Di tingkat masyarakat, gerakan penghijauan dapat diwujudkan dengan menanam bambu di sekitar mata air, mengembangkan tanaman lokal seperti kemiri, kopi, kakao, alpukat, mangga, kelor, dan jati, menghidupkan kembali hutan adat, serta menerapkan prinsip bahwa setiap pohon yang ditebang harus diganti dengan pohon baru.
Praktik ini sejalan dengan ISO 14001:2026 Clause 6.1 (Environmental Aspects) yang mengharuskan organisasi mengidentifikasi dampak lingkungan, seperti longsor, kekeringan, dan hilangnya keanekaragaman hayati, kemudian menetapkan program penghijauan sebagai bentuk pengendalian dampak lingkungan.

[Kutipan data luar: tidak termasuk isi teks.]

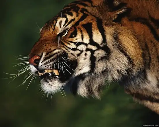 7. Обычно тигры не рычат на других животных, но могут с помощью рёва общаться с другими тиграми издалека. Если тигр собирается нападать, он не рычит, а фыркает и шипит.
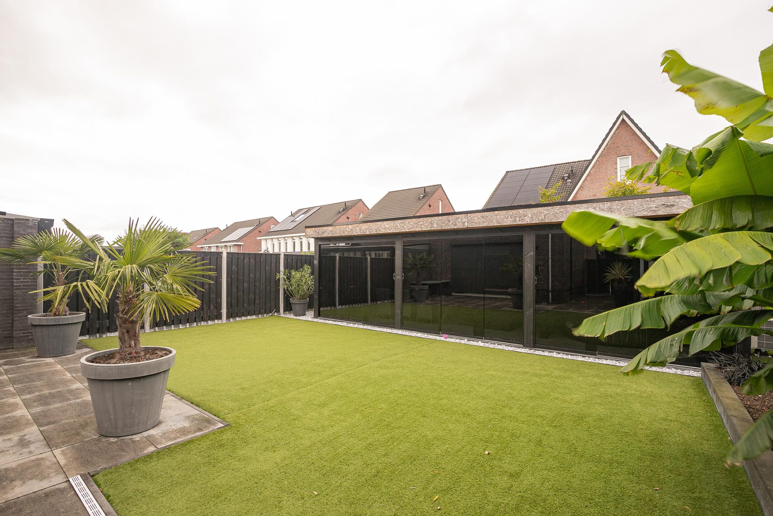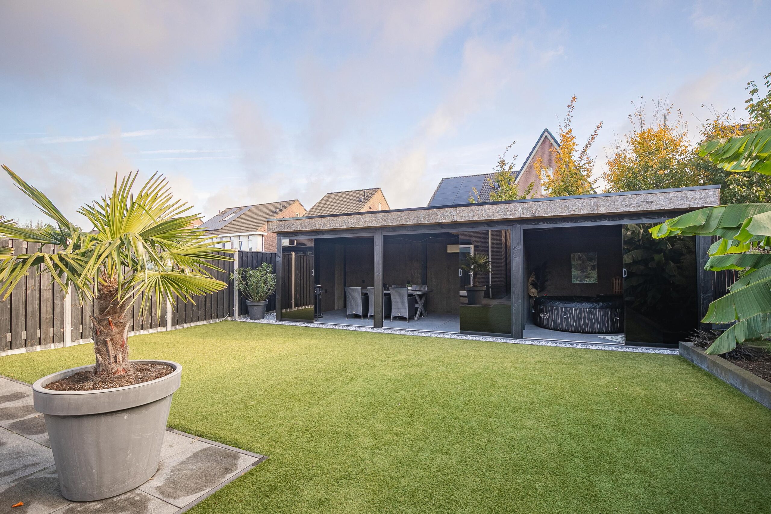 Terras, tuin en een prachtige zeer groot tuinhuis met isolatie, aparte meterkast met krachtstroom, airco installatie, aparte mechanische ventilatie, bar en jacuzzi.
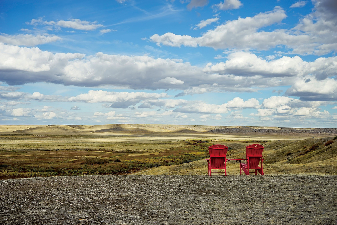 이 일대를 개척한 19세기 말 이주민의 옛 거주지와 그 흔적들. 그래스랜즈 국립공원에 놓인 레드 체어(Red Chair). 캐나다 전역의 국립공원에는 놀라운 풍경을 자랑하는 장소에 쉬어갈 수 있는 빨간 의자를 놓아두었다. ⓒ 허태우
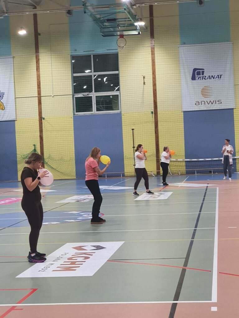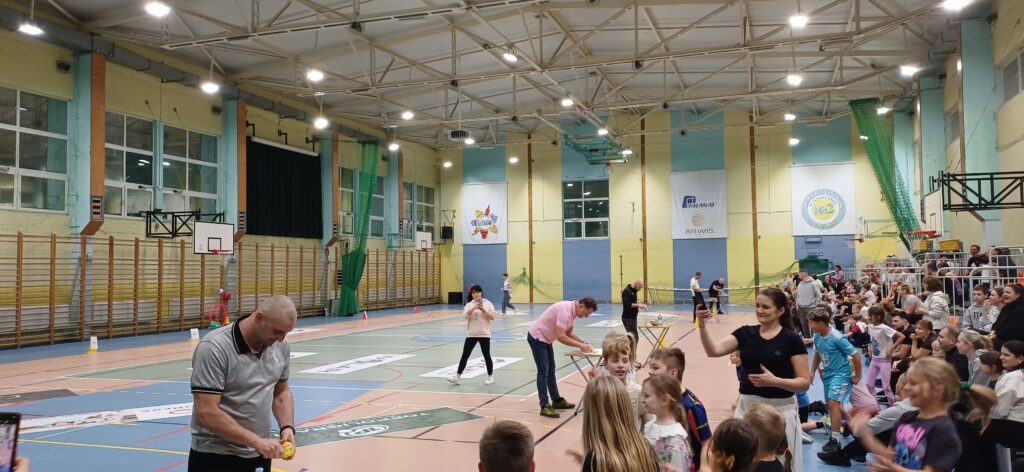 Tatusiowie i mamusie mieli również okazję zaprezentować się w specjalnych konkurencjach tj. obieranie jabłek w taki sposób, aby otrzymać jak najdłuższą obierkę, dmuchali balon do takich rozmiarów, aby pękł, przelewali wodę do butelki za pomocą łyżki. Było wiele śmiechu, frajdy, okrzyków, wsparcia swoich drużyn. Najwięcej punktów zdobyła klasa 2b, która zajęła I miejsce w turnieju. Na drugim miejscu uplasowała się klasa 2e, a czołową trójkę zamknęła klasa 2a. Serdecznie gratulujemy!
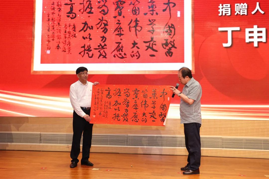 beat365官网客座教授、上海市书法家协会主席丁申阳向学校捐赠一幅书法作品,内容为毛泽东同志对中医药作出的重要指示“中国医药学是一个伟大的宝库,应当努力发掘,加以提高”,鼓励学校师生在中医药守正创新、传承发展之路上开拓进取,不懈奋斗。

2. Mengurangi Plastik Sekali Pakai
Salah satu penyebab utama pencemaran lingkungan saat ini adalah sampah plastik sekali pakai. Plastik membutuhkan waktu ratusan tahun untuk terurai dan menjadi ancaman serius bagi sungai, laut, tanah, bahkan kesehatan manusia.
Gereja dapat menjadi teladan dengan tidak lagi menggunakan botol plastik sekali pakai pada rapat pastoral, menyediakan dispenser air minum, mengajak umat membawa tumbler sendiri, serta mengurangi penggunaan kantong plastik dalam berbagai kegiatan pelayanan sosial.